[LISTED RECORDS — start]

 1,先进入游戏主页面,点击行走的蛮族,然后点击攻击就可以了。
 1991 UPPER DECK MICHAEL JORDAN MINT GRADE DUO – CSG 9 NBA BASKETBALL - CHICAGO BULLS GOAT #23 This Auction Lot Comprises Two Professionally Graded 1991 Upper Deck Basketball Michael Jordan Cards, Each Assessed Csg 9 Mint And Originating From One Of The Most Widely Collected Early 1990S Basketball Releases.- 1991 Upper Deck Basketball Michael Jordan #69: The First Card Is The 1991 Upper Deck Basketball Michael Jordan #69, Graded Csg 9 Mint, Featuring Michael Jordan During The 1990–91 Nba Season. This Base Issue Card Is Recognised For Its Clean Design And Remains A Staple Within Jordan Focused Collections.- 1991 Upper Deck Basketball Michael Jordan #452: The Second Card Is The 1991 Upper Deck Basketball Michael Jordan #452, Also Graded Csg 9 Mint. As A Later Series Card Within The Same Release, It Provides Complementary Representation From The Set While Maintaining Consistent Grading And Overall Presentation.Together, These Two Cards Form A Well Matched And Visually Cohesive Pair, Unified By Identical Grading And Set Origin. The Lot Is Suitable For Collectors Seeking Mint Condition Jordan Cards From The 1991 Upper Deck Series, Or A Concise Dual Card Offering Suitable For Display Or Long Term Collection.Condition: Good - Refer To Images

[LISTED RECORDS — finish]
[LISTED RECORDS — start]

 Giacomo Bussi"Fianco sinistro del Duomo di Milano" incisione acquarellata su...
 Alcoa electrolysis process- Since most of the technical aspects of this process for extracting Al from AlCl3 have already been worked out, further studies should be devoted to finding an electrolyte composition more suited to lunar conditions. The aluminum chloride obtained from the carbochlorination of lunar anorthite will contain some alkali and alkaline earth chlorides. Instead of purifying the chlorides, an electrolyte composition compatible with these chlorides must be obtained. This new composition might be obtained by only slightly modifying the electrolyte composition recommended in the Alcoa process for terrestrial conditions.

[LISTED RECORDS — finish]
[LISTED RECORDS — start]

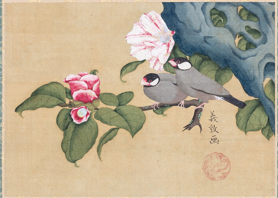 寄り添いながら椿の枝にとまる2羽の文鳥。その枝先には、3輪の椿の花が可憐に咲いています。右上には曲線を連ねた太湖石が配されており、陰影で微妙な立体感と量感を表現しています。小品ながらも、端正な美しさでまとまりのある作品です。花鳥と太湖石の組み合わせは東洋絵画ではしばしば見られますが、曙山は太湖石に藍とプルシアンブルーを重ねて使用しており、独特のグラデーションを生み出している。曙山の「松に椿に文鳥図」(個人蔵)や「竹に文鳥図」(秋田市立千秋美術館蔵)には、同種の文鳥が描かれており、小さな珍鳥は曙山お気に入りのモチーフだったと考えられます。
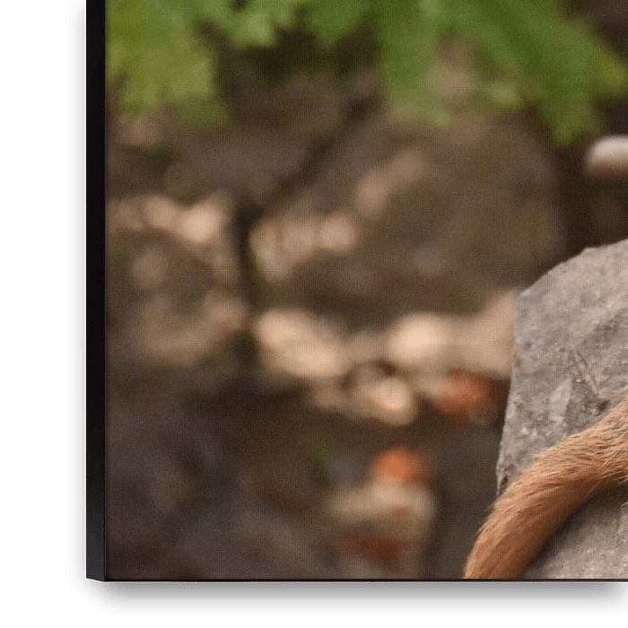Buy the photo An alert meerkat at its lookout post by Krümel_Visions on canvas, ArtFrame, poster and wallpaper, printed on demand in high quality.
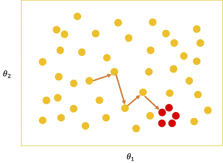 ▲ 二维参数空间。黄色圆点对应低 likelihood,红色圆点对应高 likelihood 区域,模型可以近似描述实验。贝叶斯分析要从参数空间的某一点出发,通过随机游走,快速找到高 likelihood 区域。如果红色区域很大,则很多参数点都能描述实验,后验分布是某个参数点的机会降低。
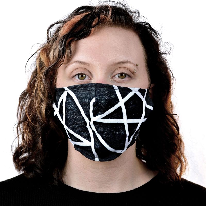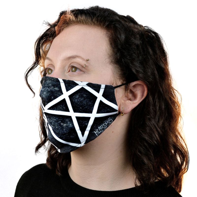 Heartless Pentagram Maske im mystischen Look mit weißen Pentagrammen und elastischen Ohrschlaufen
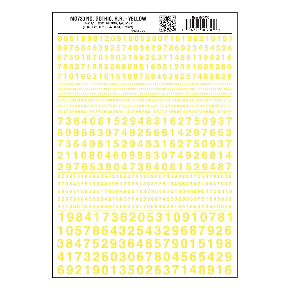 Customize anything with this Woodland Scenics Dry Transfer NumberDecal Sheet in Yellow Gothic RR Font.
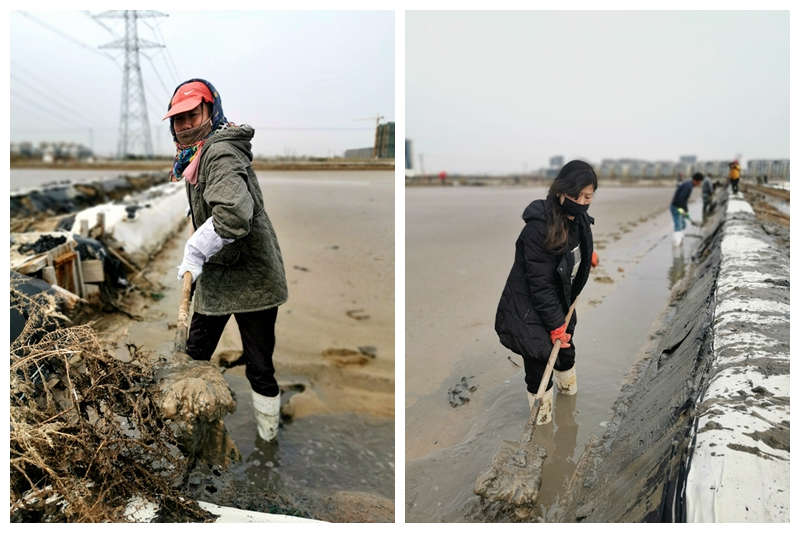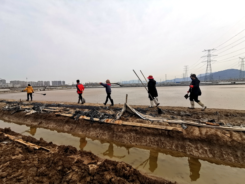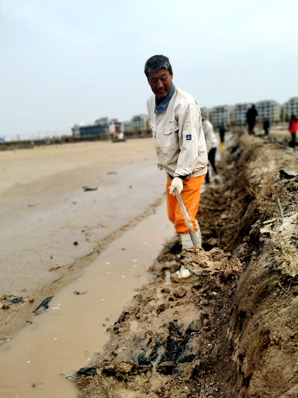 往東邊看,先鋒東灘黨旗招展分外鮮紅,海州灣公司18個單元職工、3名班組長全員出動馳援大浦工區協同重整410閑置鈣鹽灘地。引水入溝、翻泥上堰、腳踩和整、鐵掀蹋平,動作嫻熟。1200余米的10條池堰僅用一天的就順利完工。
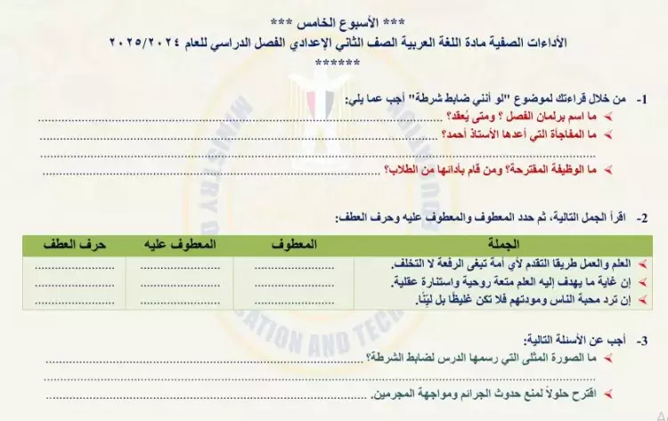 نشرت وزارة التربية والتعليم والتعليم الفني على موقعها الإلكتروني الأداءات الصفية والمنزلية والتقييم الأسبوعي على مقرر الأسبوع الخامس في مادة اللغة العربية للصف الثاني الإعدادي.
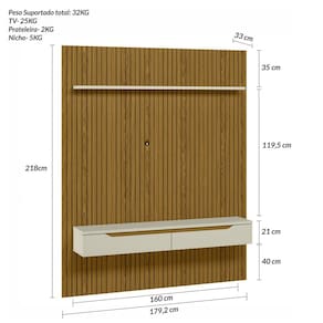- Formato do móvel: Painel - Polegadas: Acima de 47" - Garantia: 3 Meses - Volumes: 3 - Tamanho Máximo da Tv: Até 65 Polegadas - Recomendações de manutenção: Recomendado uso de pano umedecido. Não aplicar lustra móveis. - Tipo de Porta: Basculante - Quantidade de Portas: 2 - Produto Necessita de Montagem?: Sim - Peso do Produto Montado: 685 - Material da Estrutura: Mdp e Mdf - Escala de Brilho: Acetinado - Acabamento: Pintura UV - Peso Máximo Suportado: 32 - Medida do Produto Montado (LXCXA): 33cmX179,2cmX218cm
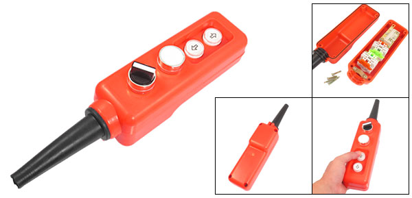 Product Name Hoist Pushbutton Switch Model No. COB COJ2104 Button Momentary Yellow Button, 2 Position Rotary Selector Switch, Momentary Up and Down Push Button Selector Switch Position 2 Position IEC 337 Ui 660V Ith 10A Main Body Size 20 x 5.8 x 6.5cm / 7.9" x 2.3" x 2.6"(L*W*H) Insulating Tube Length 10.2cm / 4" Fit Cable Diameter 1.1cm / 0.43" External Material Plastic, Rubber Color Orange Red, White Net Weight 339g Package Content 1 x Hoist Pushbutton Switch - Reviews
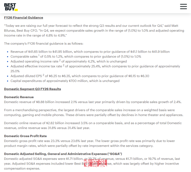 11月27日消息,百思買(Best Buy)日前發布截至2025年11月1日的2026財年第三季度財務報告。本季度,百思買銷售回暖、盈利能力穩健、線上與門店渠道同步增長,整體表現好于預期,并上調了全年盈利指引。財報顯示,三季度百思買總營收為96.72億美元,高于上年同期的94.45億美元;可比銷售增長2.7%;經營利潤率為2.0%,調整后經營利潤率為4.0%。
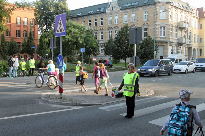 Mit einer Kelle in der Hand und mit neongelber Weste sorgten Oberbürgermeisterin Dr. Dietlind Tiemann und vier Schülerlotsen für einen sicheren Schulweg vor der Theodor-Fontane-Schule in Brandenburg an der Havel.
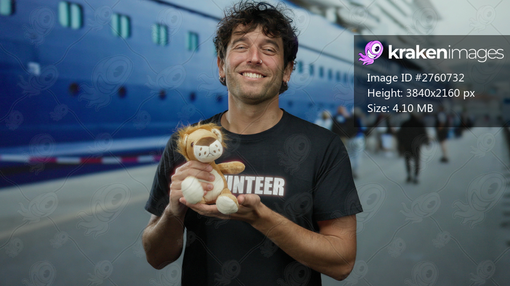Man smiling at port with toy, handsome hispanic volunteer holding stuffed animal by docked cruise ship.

[LISTED RECORDS — finish]

## PROBLEM DESCRIPTION
What to print is the stretch of entries from the line with "二维参数空间。黄色圆点对应低 likelihood,红色圆点对应高 likelihood" up to and including the line with "Heartless Pentagram Maske". Please print it exactly and leave out the pictures.

## RESPONSE AREA
 ▲ 二维参数空间。黄色圆点对应低 likelihood,红色圆点对应高 likelihood 区域,模型可以近似描述实验。贝叶斯分析要从参数空间的某一点出发,通过随机游走,快速找到高 likelihood 区域。如果红色区域很大,则很多参数点都能描述实验,后验分布是某个参数点的机会降低。
 Heartless Pentagram Maske im mystischen Look mit weißen Pentagrammen und elastischen Ohrschlaufen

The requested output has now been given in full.